Bring peppermint tablets and prune juice – a godsend. (If you know, you know.)

Once the catheter has been removed, get out of bed as soon as you can. Walking significantly helps speed up recovery.

You may not feel like reading a book or even a magazine. Avail of the wifi to access a frivolous, lighthearted series online which requires little concentration.

Download short breathing exercises. If you’re used to operating at a high level, it can be difficult to be restricted, so 10-minute meditation apps can really help restore calm.

Don’t be afraid to ask for a painkiller. With resources under pressure, nurses may not get to you as often as you’d like, so keep track of the hours since you last received medication.

Practise gratitude and bring a pen and thank-you cards. At the end of your hospital stay, you will feel eternally grateful to all the staff who helped you when you were likely at your lowest. Acknowledging their support in this simple way will make them and you feel better.

At Home:

Upon discharge from the hospital, ask whoever is picking you up to bring a small cushion. Place the cushion between your abdomen and the seat belt to relieve pressure.

Put two extra pillows in your bed – one to support your back and one to prop up your abdomen; it will help in terms of getting a few extra hours of sleep.

A litter grabber will be your best friend. You won’t be able to bend down for a few weeks and it’s annoying to be asking others to pick up items all the time. Simple things such as dropping the lid of the toothpaste can be stressful, and the grabber means you can pick it up easily and hold on to some level of independence.

Gradually increase walking. The recommended advice is to start off achieving five minutes and, if you feel able for it, add five minutes every day on a flat surface.

Keep a diary. On difficult days, read back over the previous few days/weeks and you’ll soon feel a little better about how far you’ve come on your recovery journey.

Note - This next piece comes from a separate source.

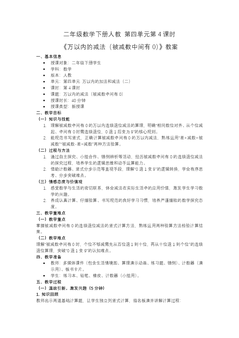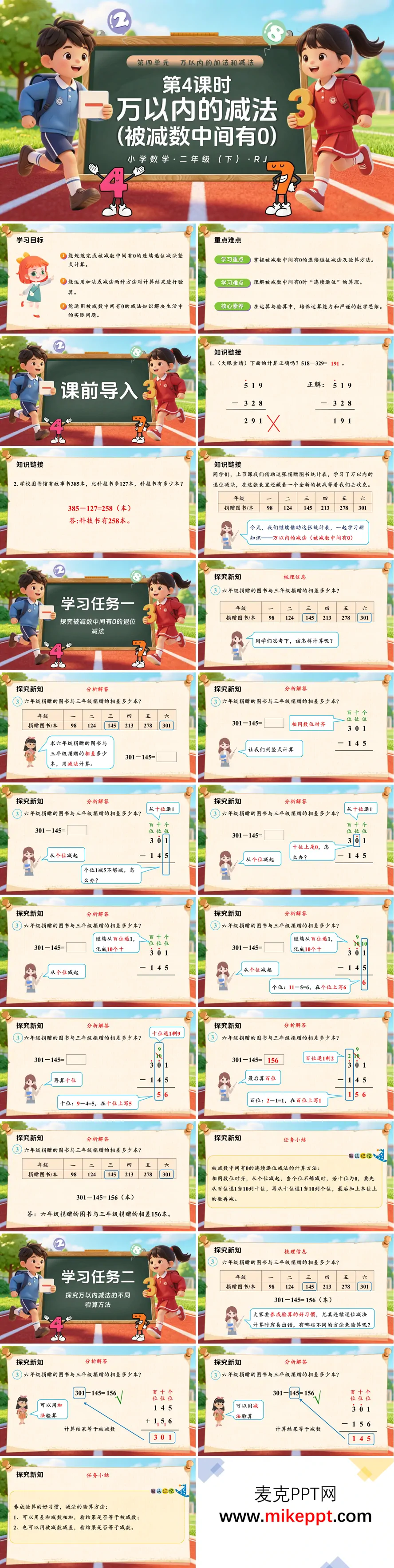 这份 PPT 是人教二年级下册数学第四单元教学课件,共 30 页,聚焦被减数中间有 0 的连续退位减法。先通过退位减法错题回顾和旧知应用题唤醒已有经验,再以"心连心"读书活动捐赠图书统计表为情境,引出核心问题"301−145",逐步引导学生探究被减数中间为 0 时的退位算理。核心学习任务分为两部分:一是被减数中间有 0 的退位减法,以 301−145 为例,演示个位 1 减 5 不够减时,因十位为 0,需先从百位退 1 当 10 到十位,再从十位退 1 当 10 到个位的连续退位过程,帮助学生理解"0 上有点看作 9"的计算技巧;二是减法的验算方法,介绍"差 + 减数"是否等于被减数、"被减数−差"是否等于减数两种验算方式,培养验算习惯,确保计算准确。最后通过课堂练习和生活实际问题巩固计算与验算技能,总结核心要点:被减数中间为 0 时需连续退位,标记退位点避免遗忘,计算后要及时验算。课后布置思维导图与分层作业,帮助学生梳理知识、提升运算严谨性。

While your insides adapt to the changes, stick to a nutritious but bland diet to lessen those difficult wind pains.

Accept help. If friends/family volunteer with meals or house cleaning, welcome the support.

Avail of online support groups. Reaching out to others who have gone through similar experiences for advice/support can be hugely beneficial. I continue to find two Facebook pages helpful: Hysterectomy Ireland and The Irish Menopause.

The chronic fatigue can knock you sideways, so if this is a side-effect for you, take short afternoon naps that will provide enough energy to power on for the rest of the evening.

Your stomach can be swollen, crampy and puffy for quite some time. It is a strange sensation but will eventually subside. Eat well, move more, talk through your experience and you will come out the other side. Best of luck in your individual recovery journey!